The problem with technology is that none of us chose it. We got it whether we wanted it or not. People who are technically inclined are living in a golden era. We’re in high demand and rightly so. But it’s important to remember what our role is, and the role of technology. We exist merely to make the lives of non-technical people easier. We build products that make people richer, help them communicate easier, help them access the data they need to finds cures for cancers, and automate whole sectors of industry, allowing them to fire a thousand other non-technical people because they’re no longer required. There’s a strange parallel that can be drawn here between software developers and politicians. Both are brought in to serve the people, and both can easily become lost in a sense of natural entitlement and delusions of grandeur. It’s not only in the workplace that this attitude is prevalent. Let’s face it - who hasn’t scoffed at someone using Internet Explorer with four different toolbars installed? We blame the user for being stupid. It’s natural, but it’s wrong. We created this mess. We have a duty of care to help people through it.

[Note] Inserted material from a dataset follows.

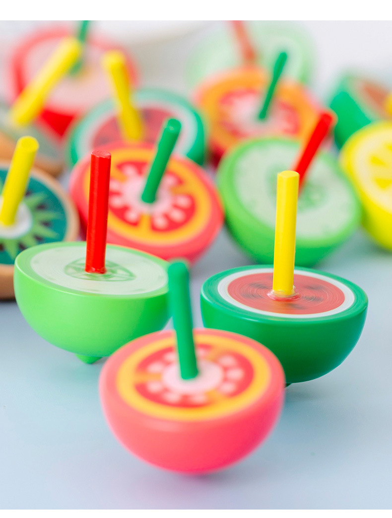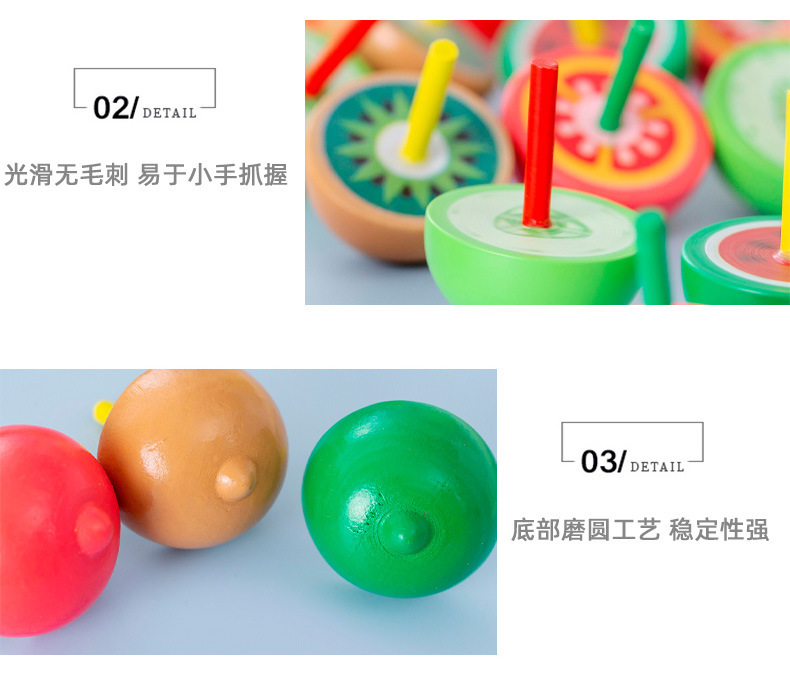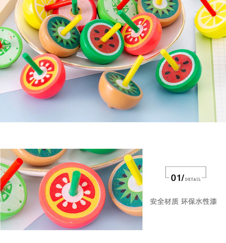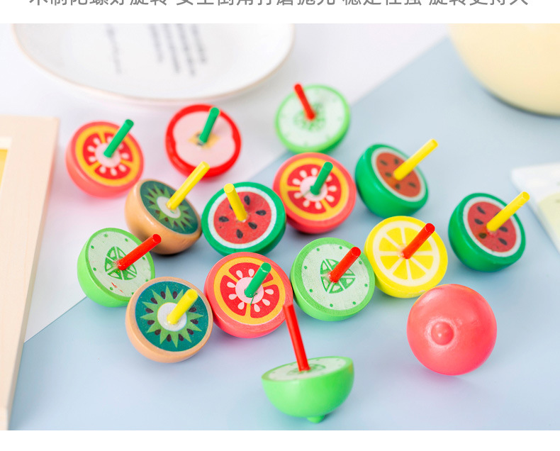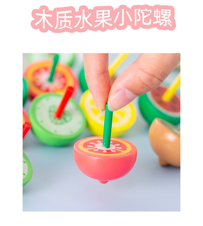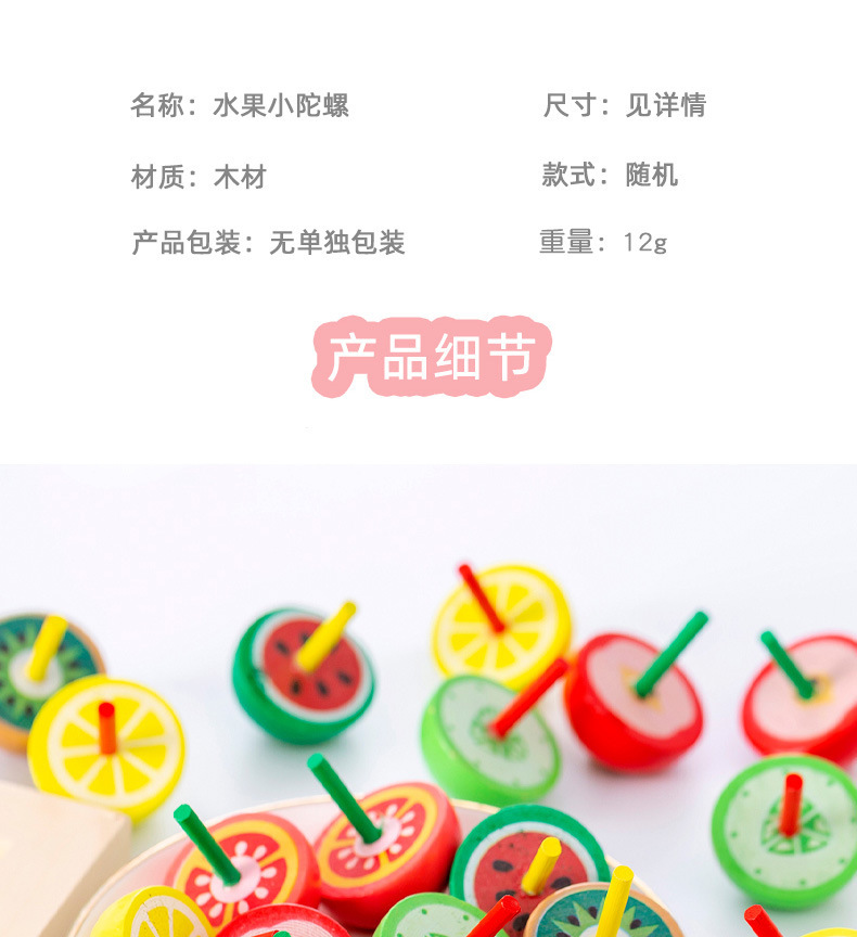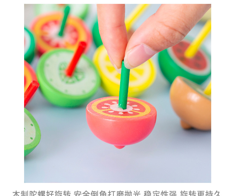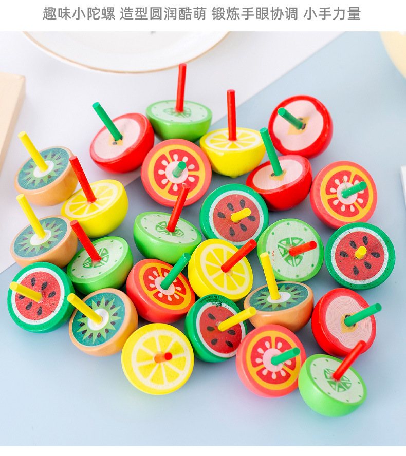 彩色木制水果小陀螺传统怀旧儿童卡通木质幼儿园玩具木质陀螺
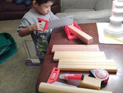 [This review was collected as part of a promotion.] This measure and cut set is so detailed! It not only features a working measuring tape but also a functioning marker. The foam is very easy to cut, and the included cutting square and miter box are a lovely touch. My son has a blast using this set, and I love that the saw is safe to use.

Less technology, more empathy

Brief aside: If you glossed over that last link, please go back and read it if you have time. It’s important. None of this is difficult to solve. It’s not an insurmountable problem, or a bridge too burned to travel back across. But these problems can’t be solved with technology. They require an ability far more human and far more important: empathy. Let’s stop berating our users, but instead make renewed efforts to understand them. And I’m not talking some superficial level of understanding where we change the search field to submit on enter, and modify the phone number field not to presume the contact is in the same country as us. That isn’t empathy - that’s just fixing a broken thing. We’re already good at that. Let’s instead try to go beyond just fixing technical problems and talk to our fellow human beings. Because our users are the same as us. They probably eat out at the same places as us, buy their groceries from the same places as us, do the same things at the weekend. But despite our work being perhaps the only thing that we have in common, it is likely to be the place where we have the least in common, and therefore presents the best opportunity for understanding each other’s needs better. And if we can do that, we’ll not only stop seeing the user as stupid, but head in a direction to intuit what it is that they really need from technology, when no one else can.